Insulin is a life-saving medication for millions of people living with diabetes. But for years, the high cost of this has caused outrage among patients and advocates who describe it as “price gouging.” In the United States, its list prices are set five to ten times higher than in other high-income countries, with an average standardized unit of insulin costing nearly $100. Meanwhile, the cost of producing insulin products, even newer insulins, is generally less than $10.
The Big Players Cutting Prices
Now, two major insulin manufacturers, Eli Lilly, and Novo Nordisk have announced significant price cuts for their products. Novo Nordisk will cut the prices of several products, including Levemir, Novolin, NovoLog, and NovoLog Mix 70/30, by 75%. For example, a 10mL vial of NovoLog will drop from $289.36 to $72.34. The price cuts come after years of public backlash over the companies’ steep price hikes on it, which has led to lawmakers working on ways to force prices down.
Relevance of an Older Law
While the voluntary price cuts closely track a federal price cap that went into effect this year, health policy experts and lawmakers note that a slightly older law may be the real impetus behind the dramatic cuts—the American Rescue Plan of 2021. The law contains provisions to improve healthcare access and affordability, including one that eliminates a cap on rebates that drug companies are required to pay Medicaid.

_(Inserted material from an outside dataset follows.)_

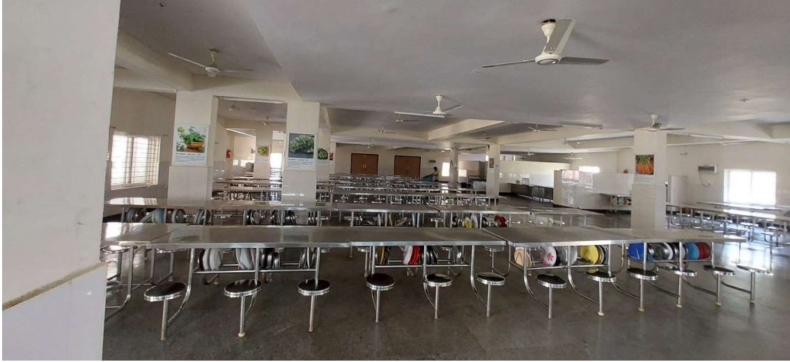
Pic 12 - View of Dining Hall
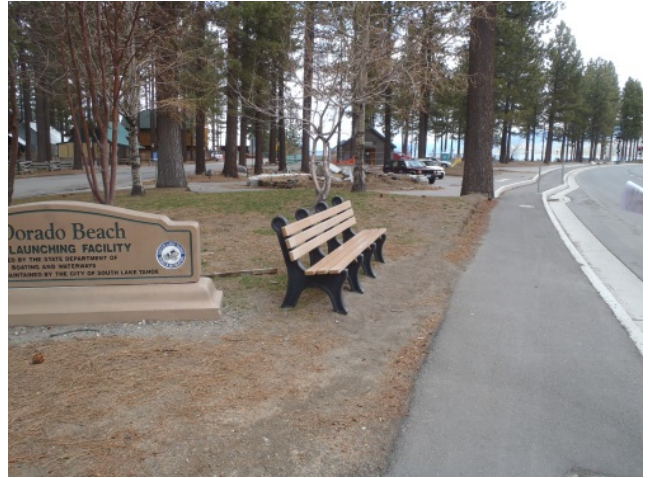
Existing bus stop replaced by new shelter (2)

If the cap were lifted with insulin list prices set as they are now, its makers might have had to pay Medicaid programs more than the price of their insulin products every time a Medicaid program had to cover one, totaling tens of millions of dollars in payments to Medicaid. But with the lower list prices, Eli Lilly and Novo Nordisk will dodge those extra payments.
Insulin should be cheap. Here’s why it’s not.
Making Insulin More Accessible and Affordable
The price cuts are great news for the millions of Americans who rely on insulin to manage their diabetes. This move will make it more accessible and affordable for those who struggle to pay for it. Diabetes is a chronic disease that requires consistent care and management. It is estimated that over 34 million Americans live with diabetes, and more than 7 million of them require this to manage their condition. For these individuals, it is not optional. It is a life-saving medication that they must have access to every day.
The insulin price cuts are a step in the right direction, but more needs to be done to ensure that all Americans have access to affordable healthcare. The United States has the highest healthcare costs in the world, and many people struggle to pay for essential medications and treatments. It is crucial that lawmakers continue to work on solutions that will make healthcare more accessible and affordable for all.